Ported the CryptoQuip Solver to Ruby

Wednesday, December 10th, 2014

Ruby

This morning I finished the little project I started yesterday on porting my old Obj-C CryptoQuip Solver from Obj-C to ruby. I wanted to brush up on my ruby skills as it's been nearly 18 months since I've done any real solid ruby development, and I've also wanted to get this codebase ported to Swift, and there are a lot of similarities between ruby and Swift. So this morning I finally got it all working as I wanted. Nothing really major, but I had made a few changes to try and capitalize on the strengths of ruby, and those made a few things that needed to be fixed up.

Nothing major.

But Wow... the codebase is significantly smaller. The original Obj-C code was well documented, and comes in at 3370 lines for all the headers and implementation files. Ruby is not as extensively documented, but it's a lot smaller so I didn't feel the need. It's a total of 316 lines. That's a factor of ten. Wow.

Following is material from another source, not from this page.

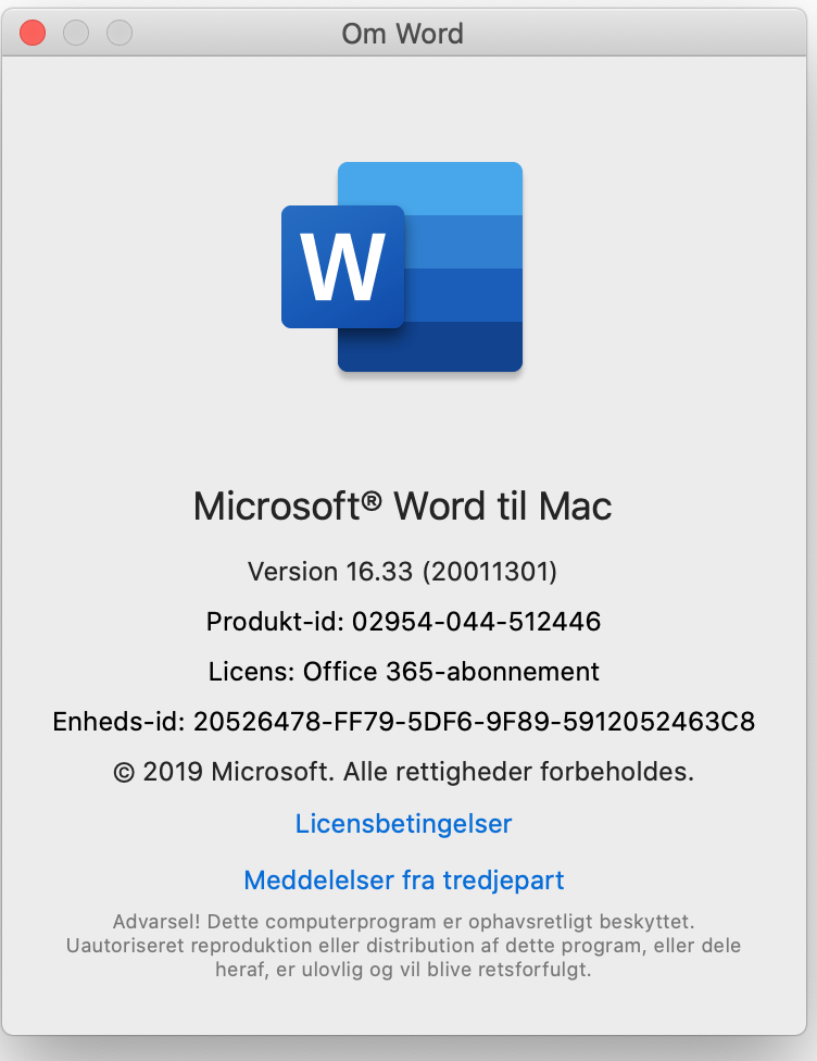 Har du en Office pakke, du har licens til som fx et engangskøb som Office 2016 til Mac eller har du et årligt eller månedligt abonnement på Office 365?

One of the nicest parts of the port was to change how I determined if a cyphertext word could potentially match a plaintext word. In the Obj-C code it looked like this:

  /*!
   One of the initial tests of a plaintext word is to see if the pattern of
   characters matches the cyphertext. If the pattern doesn't match, then the
   decoded text can't possibly match, either. This method will look at the
   pattern of characters in the cyphertext and compare it to the pattern in
   the argument and if they match, will return YES.
   */
  - (BOOL) matchesPattern:(NSString*)plaintext
  {
    BOOL   match = YES;
 
    // make sure that we have something to work with
    if (match && (([self getCypherText] == nil) || (plaintext == nil))) {
      match = NO;
    }
 
    // check the lengths - gotta be the same here for sure
    if (match && ([[self getCypherText] length] != [plaintext length])) {
      match = NO;
    }
 
    /*
     * Assume that each pair of characters is a new map, and then test that
     * mapping against all other cyphertext/plaintext pairs that SHOULD match
     * in the word. If we get a miss on any one of them, then we need to fail.
     */
    if (match) {
      unichar      cypher, plain, c, p;
      NSUInteger   len = [plaintext length];
      for (NSUInteger i = 0; (i < len) && match; ++i) {
        // get the next possible pair in the two words
        cypher = [[self getCypherText] characterAtIndex:i];
        plain = [plaintext characterAtIndex:i];
        // check all the remaining character pairs
        for (NSUInteger j = (i+1); (j < len) && match; ++j) {
          c = [[self getCypherText] characterAtIndex:j];
          p = [plaintext characterAtIndex:j];
          if (((cypher == c) && (plain != p)) ||
              ((cypher != c) && (plain == p))){
            match = NO;
            break;
          }
        }
      }
    }
 
    return match;
  }

where it's a pretty simple double-loop on the words. Nothing horribly hard here, but for ruby I went with a different idea to start with:

  # One of the initial tests of a plaintext word is to see if the pattern of
  # characters matches the cyphertext. If the pattern doesn't match, then the
  # decoded text can't possibly match, either. This method will look at the
  # pattern of characters in the cyphertext and compare it to the pattern in
  # the argument and if they match, will return true.
  def matches_pattern?(plaintext)
    return false unless @cyphertext && plaintext &&
                        @cyphertext.length == plaintext.length
    pairs = @cyphertext.chars.zip(plaintext.chars).uniq
    ctc = pairs.map { |p| p.first }.uniq.count
    ptc = pairs.map { |p| p.last }.uniq.count
    (pairs.count == ctc) && (ctc == ptc)
  end

I like the compactness of the ruby - very expressive, but the question is At what cost? The ruby version will check all the paris in the words, even if there is a mismatch in the second letter. This cost may - or may not - be a big deal. But it does simplify the code quite a bit.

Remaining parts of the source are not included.